Former Austrian MEP Ernst Stasser was sentenced to a four-year prison term yesterday (14 January) on a corruption conviction that stemmed from being caught by journalists posing as lobbyists in a cash-for-influence case.
A court in Vienna sentenced Strasser, who is also a former interior minister and a politician from the centre-right Austrian People’s Party (ÖVP), saying no mitigating circumstances could be claimed because of the seriousness of the crime.
The judge said that the court had no doubt that Strasser illegally demanded money in 2011 in exchange for influencing the legislative procedure.
Strasser resigned as MEP and from the ÖVP in 2011. Together with two other MEPs, Strasser was trapped by journalists from the Britain's Sunday Times posing as lobbyists.
The reporters sought to shed light on allegations that some MEPs were prepared "to sell their services" to push through specific amendments to EU legislation in exchange for remuneration.
Of the three MEPs targeted by the sting, Slovenia’s Zoran Thaler has resigned from Parliament, but Romania’s Adrian Severin has kept his seat.
Sunday Times journalists Claire Newell and Jonathan Calvert testified in the Austrian court and said Strasser had offered his services for €100,000 a year.
The two reporters secretly filmed their meetings with Strasser, tapes of which were made available to the court and were also handed to the European Parliament.
One of the meetings took place in a London office for their bogus lobbying firm, staffed by other Sunday Times journalists “to make it look busy”, Newell told the court, as quoted by Agence France-Presse.

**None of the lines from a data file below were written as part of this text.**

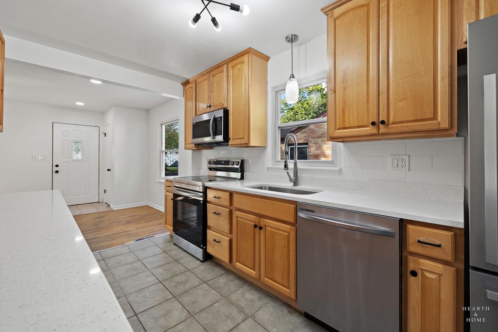Beautifully refreshed 3-bedroom, 1-bath ranch offering modern style and comfort throughout. This home features hardwood floors and a bright, updated kitchen with new cabinetry and stainless steel appliances. The bathroom has been tastefully renovated, and the entire home has been freshly painted with new fixtures and finishes. The finished lower level adds a comfortable rec space, perfect for relaxing or entertaining. Step outside to enjoy the fenced yard with a deck and charming gazebo-ideal for outdoor gatherings. A detached 1-car garage provides extra convenience. With thoughtful updates and inviting spaces, this home is move-in ready and full of character.
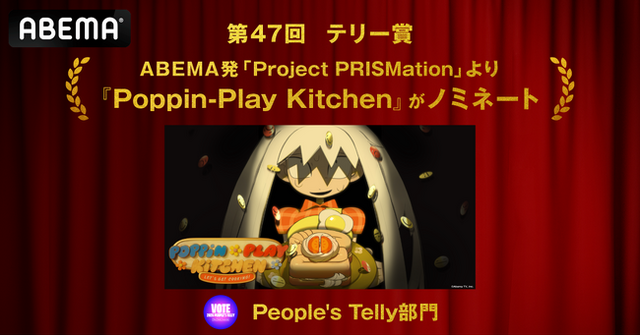 新しい未来のテレビ「ABEMA(アベマ)」は、次世代アニメクリエイターとともにオリジナルアニメ作品の創出を目指すプロジェクト「Project PRISMation(プロジェクト プリズメーション)」において、第1弾として公開したオリジナルアニメのパイロットフィルム『Poppin-Play Kitchen』(原案・監督・脚本・制作:Zemyata)が、国際的な映像広告賞『第47回テリー賞 People's Telly部門』にノミネートされたことをお知らせいたします。
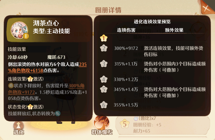 技能【沏茶点心】:需要消耗673点魔力值,同时释放技能需要60秒冷却时间,甜梅倒出滚烫的热水对前方6名敌人造成235%的角色物攻,同时附加6158点额外伤害,如果在【群体爆发】状态下使用这个技能的话,伤害会提升至300%的物攻,同时1.5秒后会造成35%的攻击伤害和1058点烫伤伤害,这个猫灵的技能在进化到6星的时候,烫伤是可以对个目标叠加的。
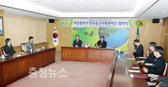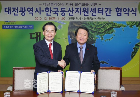 염홍철 대전광역시장과 최홍건 한국등산지원센터 이사장은 30일 오전 11시 시청 중회의실에서 대전둘레산길 이용 활성화와 건전한 등산 ․트레킹 문화 확산을 통한 시민의 삶의 질 향상 및 상호 우호 협력 체계를 공고히 하기 위해 업무협력 협약식을 가졌다.
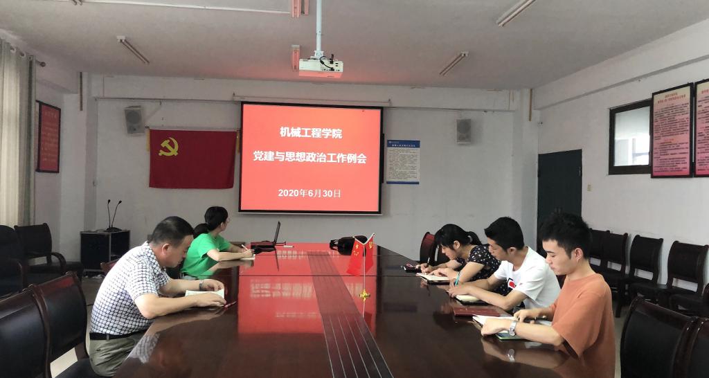 6月30日上午,学院召开党建与思政工作例会,推进学院“不忘初心牢记使命” 主题教育“回头看” 整改落实工作、迎接全国党建工作标杆院系创建结题验收准备工作、师生思政工作、辅导员队伍建设和学院安全稳定工作。会议由院党总支书记马晗初主持,学院党总支副书记刘双、学院教工、学生支部书记和全体辅导员参加了会议。
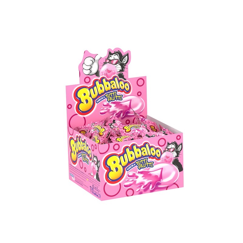 Chicles Bubbaloo envueltos individualmente sabor a Tutti Frutti. Caja con 60 uds
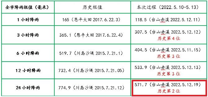 台山赤溪11日19时至12日19时,累积雨量571.7毫米,跻身江门日雨量历史第二位(超过前第二位记录:上川岛322.9毫米,出现在2003年06月10日20时至11日20时)。
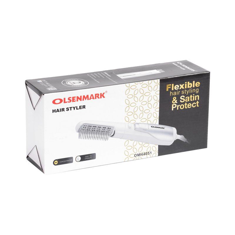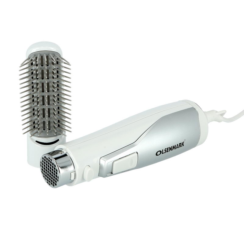 OLSENMARK HOT HAIR STYLERChoose the style You want with Olsenmark Hot Air Styler!COMPACT AND BEAUTIFUL DESIGNOn any trip, you may need this hairbrush to keep your hair beautiful. Its small size allows you to transport it in a bag or suitcase. You can separate the body from the nozzle, compactly fold it and not take up much space. You can choose between the pink and blue body color of the device based on your preferences.CONVENIENT TO HOLDThe handle of the detangling hairbrush is made specifically to fit the shape of the hand. You can comfortably hold it throughout the entire process of drying hair. Despite the high temperatures, the body of the appliance will not heat up and harm your hands. The device has a fairly small weight so your hand will not get tired if you plan to work with your hair for a long time.
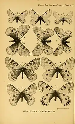 - ^ Avinoff, A. (1916) Some new forms of Parnassius (Lepidoptera Rhopalocera)., Avinoff, A. (1916) Some new forms of Parnassius (Lepidoptera Rhopalocera). The Transactions of the Entomological Society of London 1915 (3/4): 351-360; pls. 52-54.
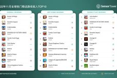 Sensor Tower:2022年11月全球热门移动游戏收入TOP10
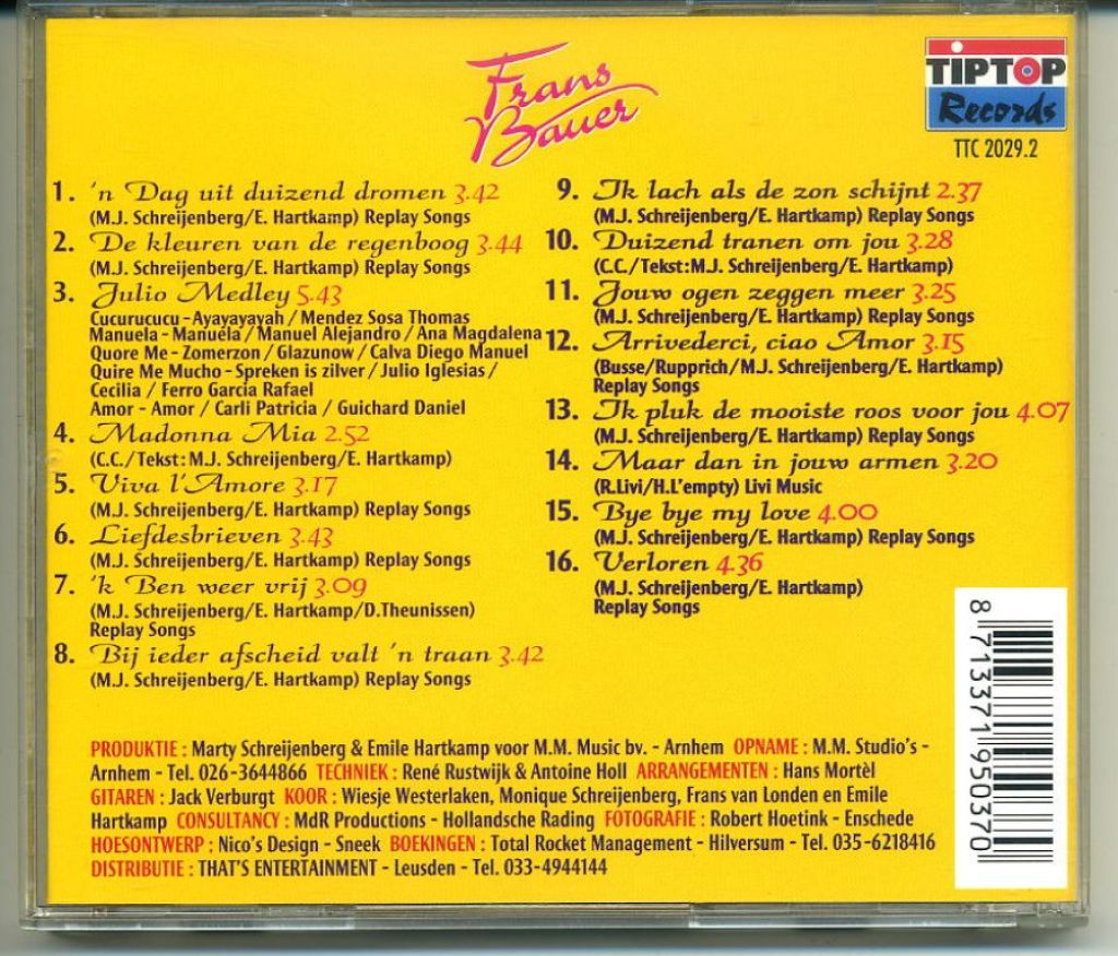 1) Frans Bauer – Hollandse Hits 12 nrs CD 2004 ZGAN
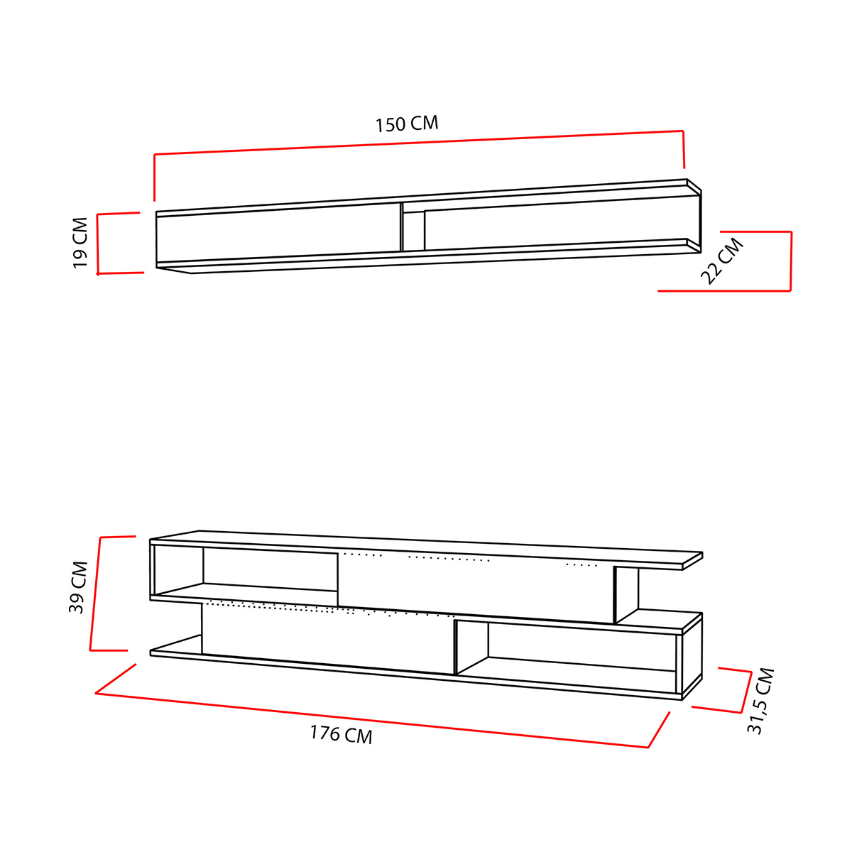 • Τεμάχια: 1 Έπιπλο Τηλεόρασης 176εκ.Μx31.5εκ.Πx39εκ.Υ, 1 Ραφιέρα 150εκ.Μx22εκ.Πx19εκ.Υ

At the time, Thaler sent EURACTIV a written statement explaining that he realised immediately that the lobbying firm did not exist and that his further actions were only intended to uncover who was behind what he saw as an attempt to discredit him.
According to the Sunday Times, Severin had emailed the fake lobbying firm saying, "just to let you know that the amendment desired by you has been tabled in due time," before sending them a €12,000 invoice for "consulting services".
Asked to comment at the time if the €12,000 invoice was fake, Severin said it had been requested for “something else”, insisting that providing consultancy services was not illegal.
Severin has a law firm and works as a lawyer in parallel with his MEP activities.
Of the three lawmakers targeted, only Severin still sits in the European Parliament, as a non-attached MEPs. He was previously a member of the Socialists and Democrats.